Why do we 1st-worlders insist on making so many plans? It seems I’ve made plan after plan my whole life, which has probably prevented me from taking advantage of many opportunities I may have enjoyed more than the original “plan.” So, despite months and months of planning and saving for this Costa Rican adventure which would so matter-of-factly be followed with an early April move to the West Coast (Portland is where young people go to retire, right?), I’m tossing aside that plan and letting my heart lead the way.
So… Universe, I’m open to whatever you have for this point in my life. I’m open, and I’m listening to my heart.
I still do want and “plan” to move to Oregon sooner than later, but because I’m feeling pulled to extend my time in Costa Rica, I may have to delay the move until I can save a bit more. Or, I may move without as much backup money, which could very well be fine, too. As long as I keep my eyes on the road and my hands on my heart, I’ll be just fine.
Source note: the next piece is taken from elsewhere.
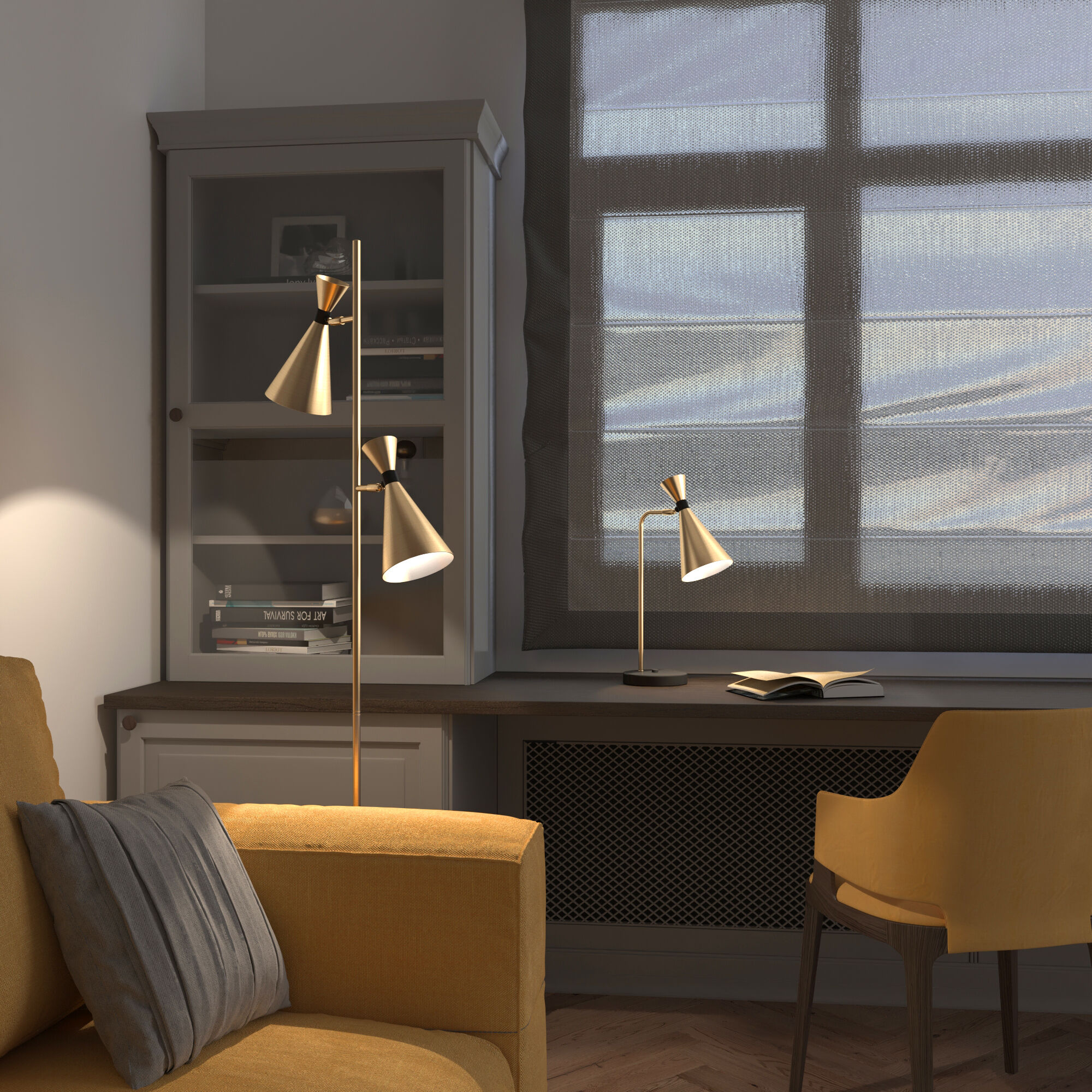 Благодаря металлическим плафонам напольный светильник создает мягкое рассеянное свечение, подходящее для комфортного чтения книг в вечернее время. Прочный металлический корпус светильника устойчив к механическим воздействиям, а защитное покрытие обеспечивает надежную электроизоляцию и презентабельный внешний вид.
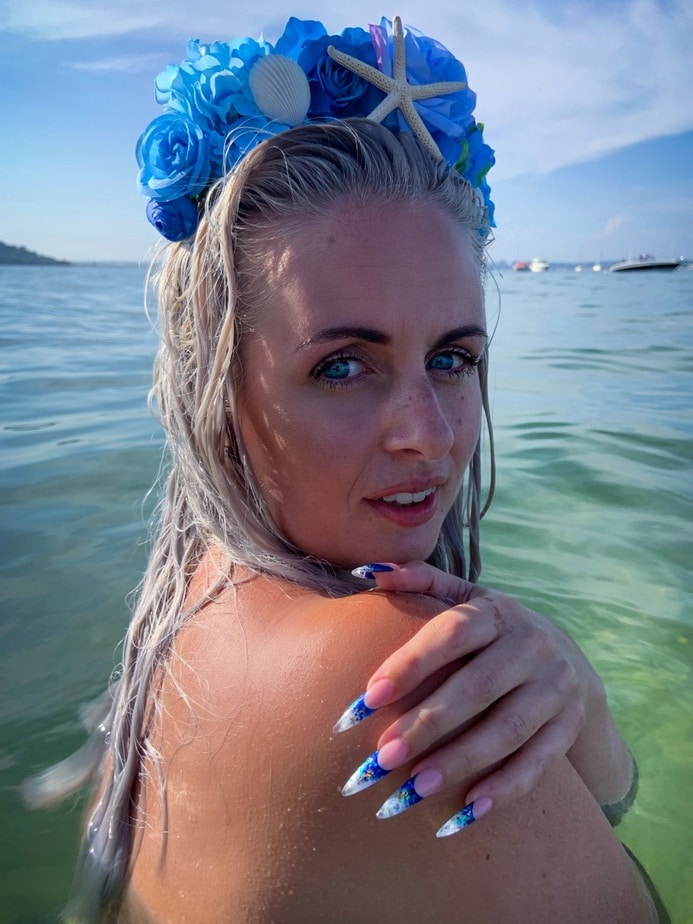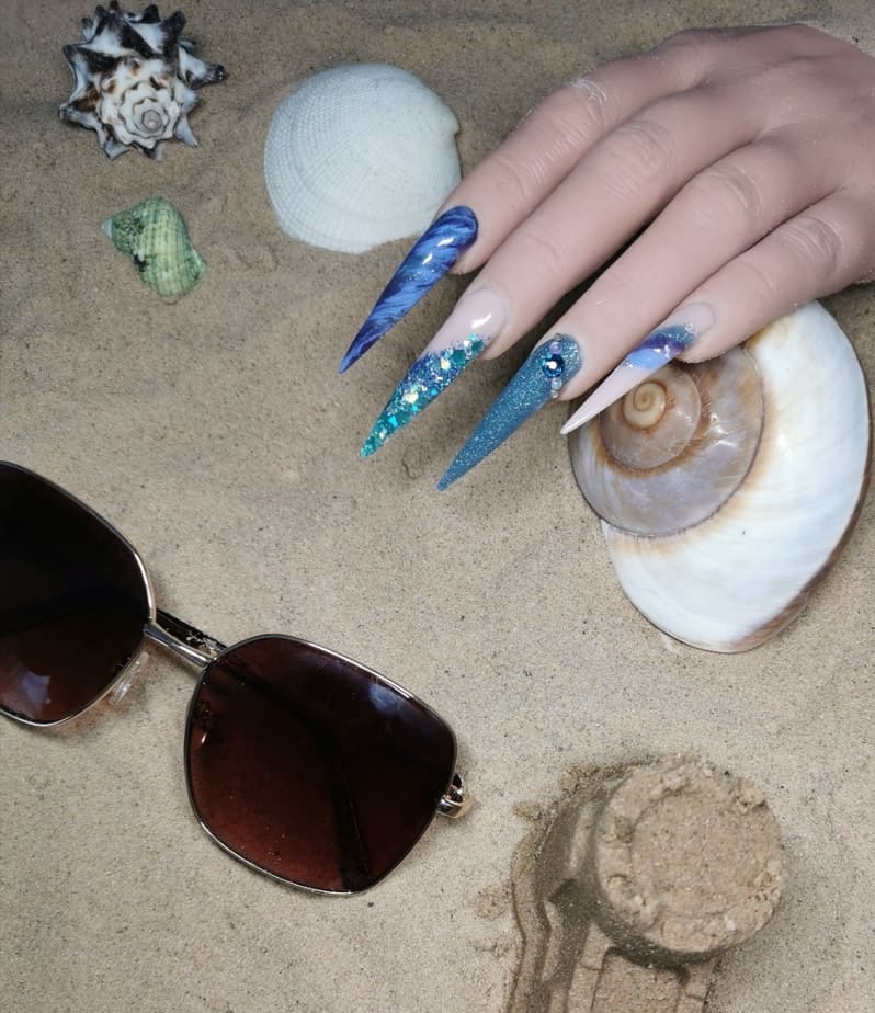 "This image couldn’t represent me stronger if I had tried. To my friends I’m nicknamed Mermicorn, because of my love of the sea and anything glitter. Even the sea glistens itself. (And naturally my favourite colour is blue.) When briefed to present myself this was my immediate choice - Me in my true happy place - which is on the south coast in Dorset. My nails also represent the glistening wash of waves, and I have to admit they are my favourite nails I’ve created on myself to date. This time has Provided great reflection for me - I have rode the storm and I’m now drifting off into the sunset."

It’s a strange feeling — this confidence I have that every little thing is gonna be alright (thanks for putting it so well, Mr. Marley). Historically, I’ve felt this need to prove something to somebody at all times. If I say that I’m going to do something and then decide to change my mind, I feel as if I’m letting someone down, or that I’m not good enough to follow through with the original goal. This is not ok.
It’s totally fine to make goals which can help keep us moving forward, but to limit ourselves from other opportunities simply by planning our lives away is not ok. I’m done with this attitude.
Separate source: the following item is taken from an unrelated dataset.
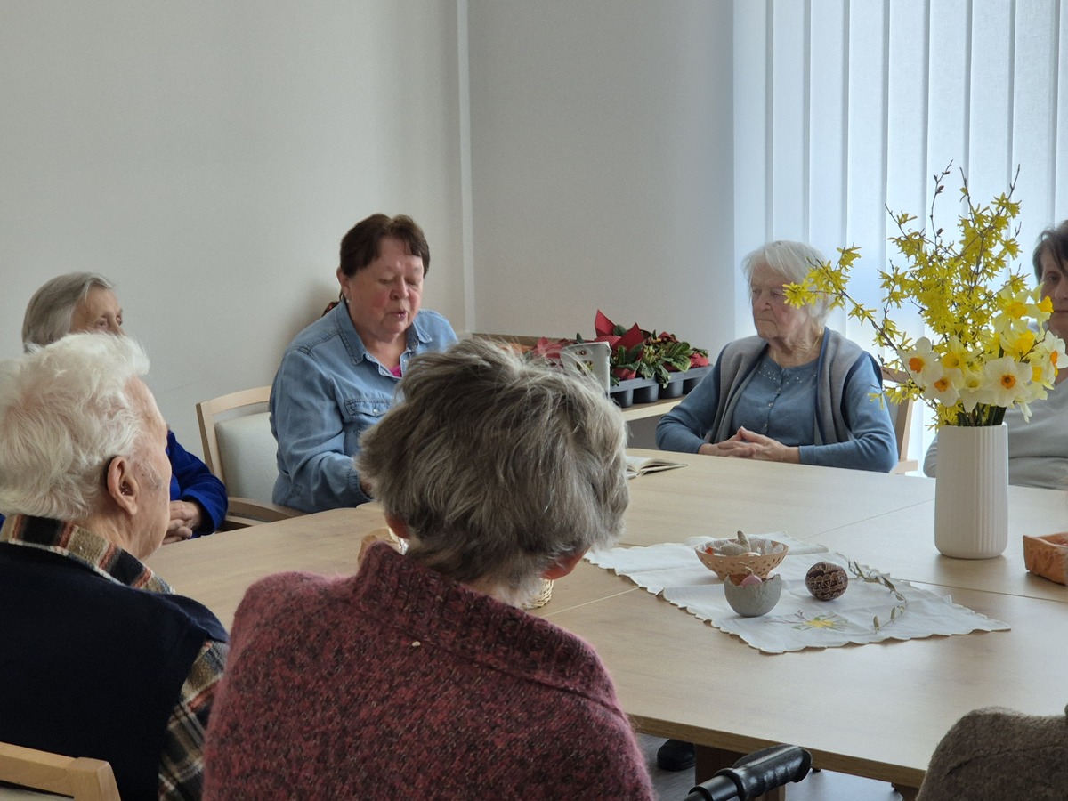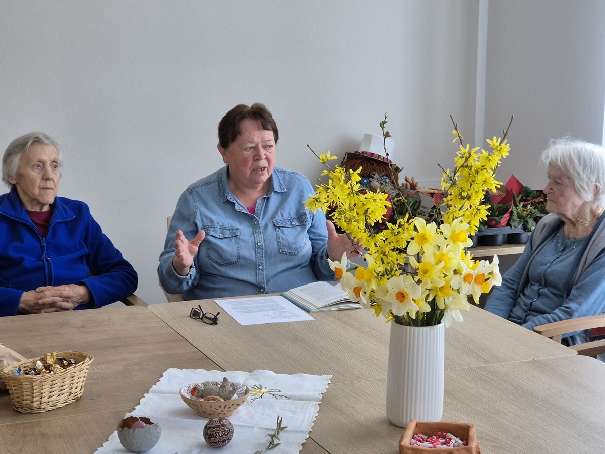25. marca na materinski dan so se oskrbovanci doma starejših Senecura v Pivki spet srečali na redni pogovorni uri, ki je bila namenjena spominjanju na praznovanje materinskega dne in velike noči. Ernest Margon, predstavnik Hospica, je za uvod prebral pesem Ferija Lainščka posvečeno materi. Sledil je pogovor o pripravah in praznovanju največjega krščanskega praznika. Na cvetno nedeljo so pripravili zelenje, lovor ali oljke, kar so lahko dobili in šli na blagoslov in procesijo, ki se je večinoma odvijala okoli cerkve. Oskrbovanci so se razgovorili in pripovedovali, kako so pomagali doma, kako so trli orehe, matere so pripravile potico in boljši kruh-pinco, barvali so pirhe in v soboto nesli košaro velikonočnih dobrot k »žegnu«. Tudi šunka in hren nista smela manjkati za praznik, drugače so povedali, da so nekoč skoraj vsi občutili pomanjkanje. Spominjali so se tudi, kako so se pripravljali na praznik. Do srede so opravili vsa dela zunaj, od četrtka dalje poljsko delo ni bilo več dovoljeno. Pospravljalo se je le po hiši, v soboto pa je zadišalo po potici. Seveda so se udeležili vseh obredov od velikega četrtka pa do praznične nedelje. V drugem delu pogovora sem oskrbovancem prebrala nekaj pesmi naših slovenskih pesnikov o veliki noči, pogovor pa smo zaključili z ugibanjem velikonočnih ugank.

So, Oregon is still there, and I’m hoping that the Universe will pave a path for me to get there if it’s what’s best for me, but… if that happens later than originally intended, that’s fine.
For now, I’ve got my feet on the jungle floor, the sun on my back, and a smile on my face, and life is perfect. I have no need to plan the next step just now…
Looking forward, but being present. It’s possible. And I’m doing it.